The entries below must be retyped exactly. Pictures are to be omitted.

Records from a data source

------------------------------------------------------------------------

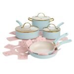 Paris Hilton Epic Nonstick Pots and Pans Set, Multi-layer Nonstick Coating, Tempered Glass Lids, Soft Touch, Stay Cool Handles, Made without PFOA, Dishwasher Safe Cookware Set, 12-Piece, Aqua is available on Amazon at best discounted online price. Original price of this product is $ 99.99000000000001. You can buy this product at discounted rate $ 50.
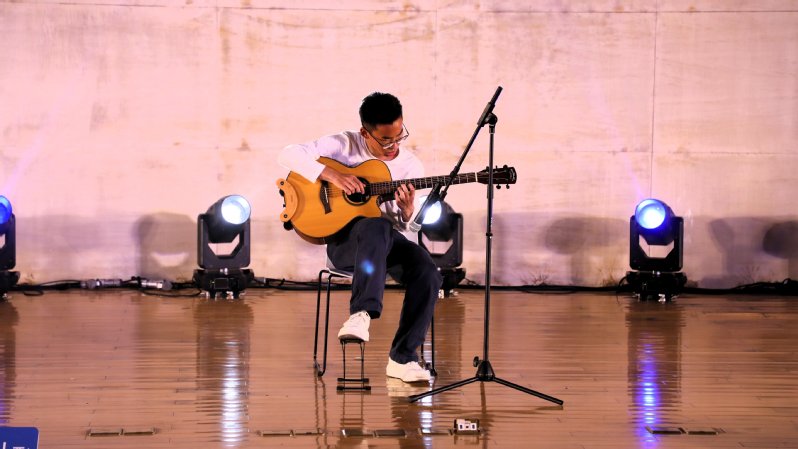 实力派Ph.D舞团带来的舞蹈串烧充满活力,带领大家一起感受着青春的跃动与不羁。桃李不言,下自成蹊,四年大学生活中太多需要感谢的人和事。刘宇杰同学用一首动人的《谢谢》,带着不舍告别了四年校园生活里的美好时光;PO18 老师们的国风秀《赏国风之韵,赴五月之约》用优雅的步伐带着大家领略了东方美学的独特魅力;古典到现代,从静谧到激昂,蒋先翰带来的经典吉他指弹《wings~you are the hero》,用轻快灵动的吉他旋律带领观众开启了一场追寻英雄梦的飞行之旅。
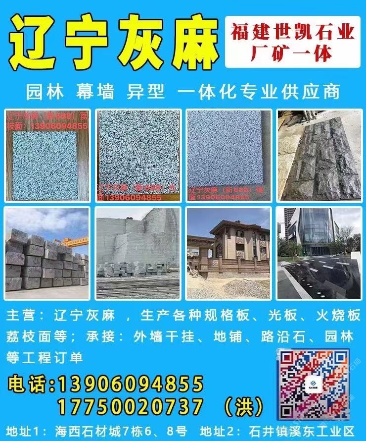 主營(yíng)石種:遼寧灰麻(新688) 、 芝麻黑(新G654) ,長(zhǎng)期儲(chǔ)存5000~10000立方荒料,滿足各大石材工程需求。從荒料開(kāi)采到成品呈現(xiàn),產(chǎn)品涉及園林、幕墻、異型等各類(lèi)工程訂單,廠礦一體,公司下設(shè)荒料堆場(chǎng)部,市場(chǎng)營(yíng)銷(xiāo)部,工廠配備專(zhuān)業(yè)生產(chǎn)先進(jìn)機(jī)械設(shè)備。25年來(lái)專(zhuān)注于各種天然石材加工、成品、銷(xiāo)售。現(xiàn)已成為專(zhuān)業(yè)國(guó)內(nèi)外石材供應(yīng)商,本著“誠(chéng)信為本,合作共贏”經(jīng)營(yíng)理念,為廣大客戶提供生產(chǎn)配套以及大型施工安裝一條龍服務(wù)!
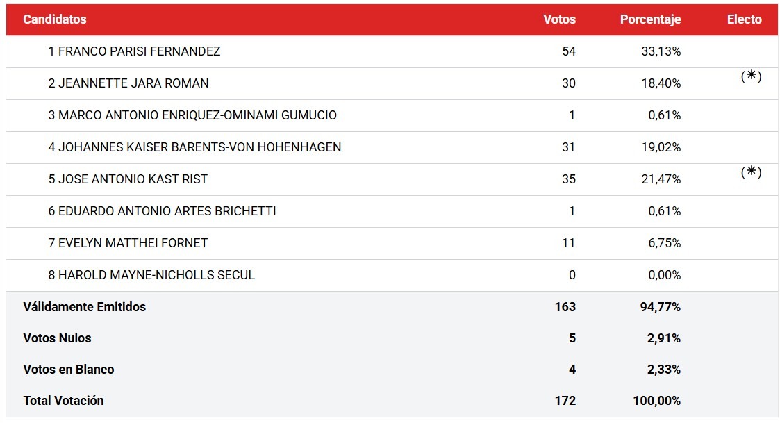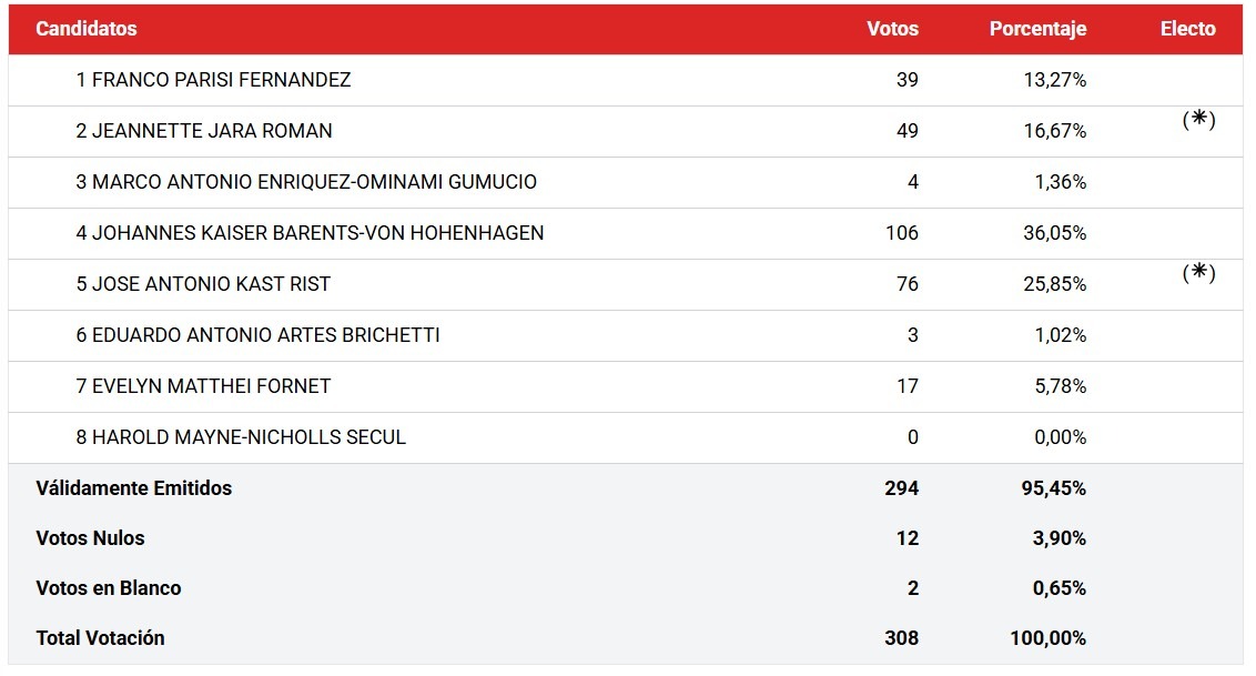 A pesar de que Kaiser fuera el ganador en esta mesa, Kast y Jara son los que aparecen marcados con un asterisco, ya que son estos dos los que ganaron a nivel nacional y se enfrentarán al balotaje.
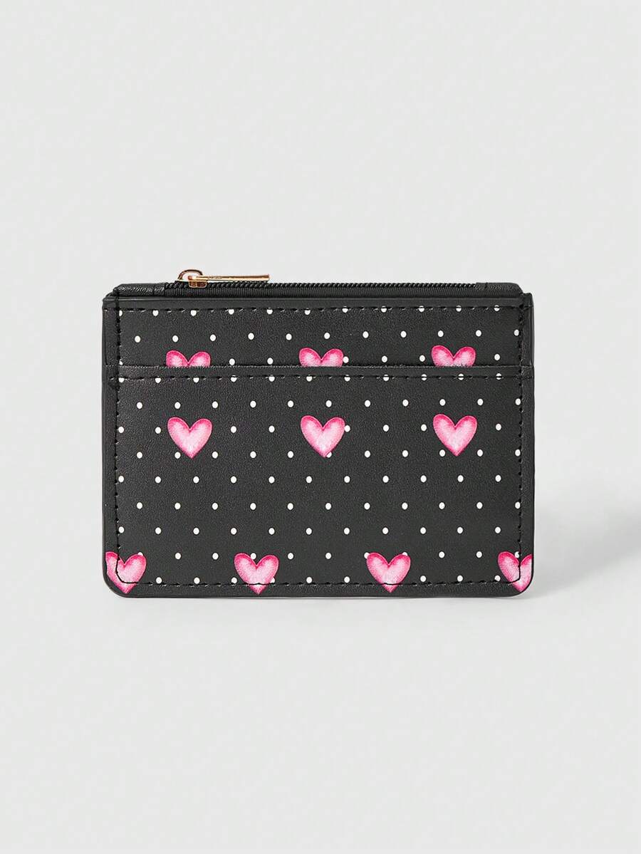 Kawaii Schwarze Polka Punkt Rosa Herz Kartentasche
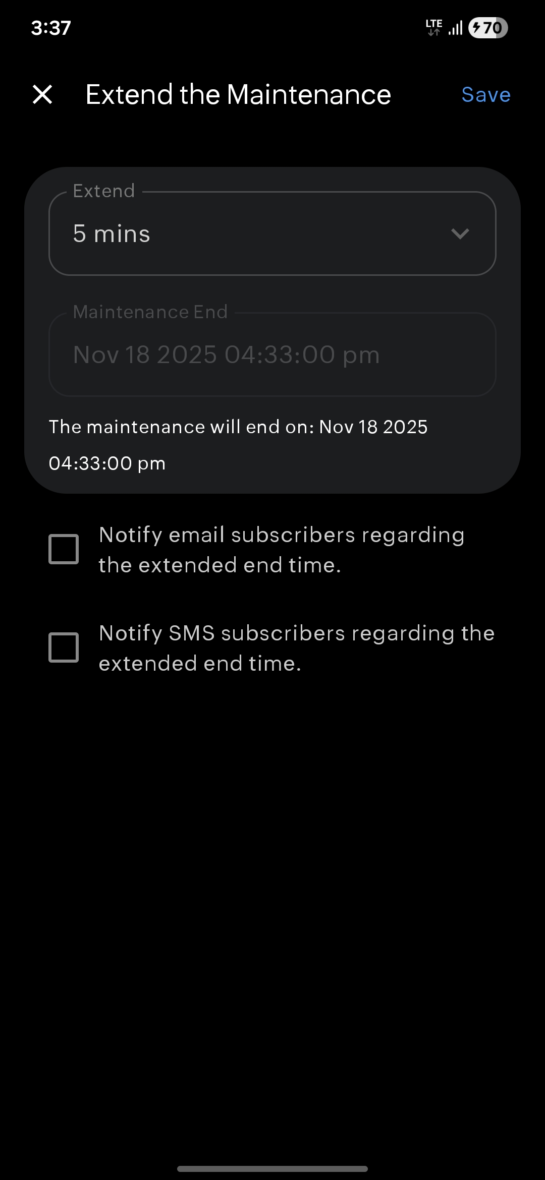 - On the Extend the Maintenance screen, specify how long you want to extend the maintenance and choose whether to notify your email subscribers and SMS subscribers about the extension.
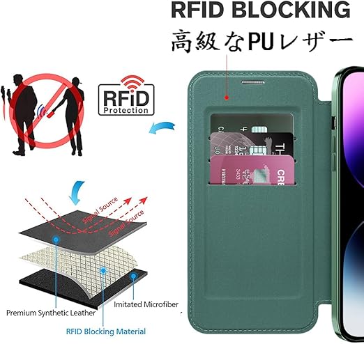 MuZiF iPhone 14 Pro Max 用 ケース 手帳型 Magsafe対応 クリア 背面 透明 高級なPUレザー 永久磁石 マグネット スマホケース カード収納、人気財布型 カバー 軽量 アイフォン14 Pro Max 用 手帳カバー (グリーン) a

------------------------------------------------------------------------

## Solution below
 Paris Hilton Epic Nonstick Pots and Pans Set, Multi-layer Nonstick Coating, Tempered Glass Lids, Soft Touch, Stay Cool Handles, Made without PFOA, Dishwasher Safe Cookware Set, 12-Piece, Aqua is available on Amazon at best discounted online price. Original price of this product is $ 99.99000000000001. You can buy this product at discounted rate $ 50.
 实力派Ph.D舞团带来的舞蹈串烧充满活力,带领大家一起感受着青春的跃动与不羁。桃李不言,下自成蹊,四年大学生活中太多需要感谢的人和事。刘宇杰同学用一首动人的《谢谢》,带着不舍告别了四年校园生活里的美好时光;PO18 老师们的国风秀《赏国风之韵,赴五月之约》用优雅的步伐带着大家领略了东方美学的独特魅力;古典到现代,从静谧到激昂,蒋先翰带来的经典吉他指弹《wings~you are the hero》,用轻快灵动的吉他旋律带领观众开启了一场追寻英雄梦的飞行之旅。
 主營(yíng)石種:遼寧灰麻(新688) 、 芝麻黑(新G654) ,長(zhǎng)期儲(chǔ)存5000~10000立方荒料,滿足各大石材工程需求。從荒料開(kāi)采到成品呈現(xiàn),產(chǎn)品涉及園林、幕墻、異型等各類(lèi)工程訂單,廠礦一體,公司下設(shè)荒料堆場(chǎng)部,市場(chǎng)營(yíng)銷(xiāo)部,工廠配備專(zhuān)業(yè)生產(chǎn)先進(jìn)機(jī)械設(shè)備。25年來(lái)專(zhuān)注于各種天然石材加工、成品、銷(xiāo)售。現(xiàn)已成為專(zhuān)業(yè)國(guó)內(nèi)外石材供應(yīng)商,本著“誠(chéng)信為本,合作共贏”經(jīng)營(yíng)理念,為廣大客戶提供生產(chǎn)配套以及大型施工安裝一條龍服務(wù)!
 A pesar de que Kaiser fuera el ganador en esta mesa, Kast y Jara son los que aparecen marcados con un asterisco, ya que son estos dos los que ganaron a nivel nacional y se enfrentarán al balotaje.
 Kawaii Schwarze Polka Punkt Rosa Herz Kartentasche
 - On the Extend the Maintenance screen, specify how long you want to extend the maintenance and choose whether to notify your email subscribers and SMS subscribers about the extension.
 MuZiF iPhone 14 Pro Max 用 ケース 手帳型 Magsafe対応 クリア 背面 透明 高級なPUレザー 永久磁石 マグネット スマホケース カード収納、人気財布型 カバー 軽量 アイフォン14 Pro Max 用 手帳カバー (グリーン) a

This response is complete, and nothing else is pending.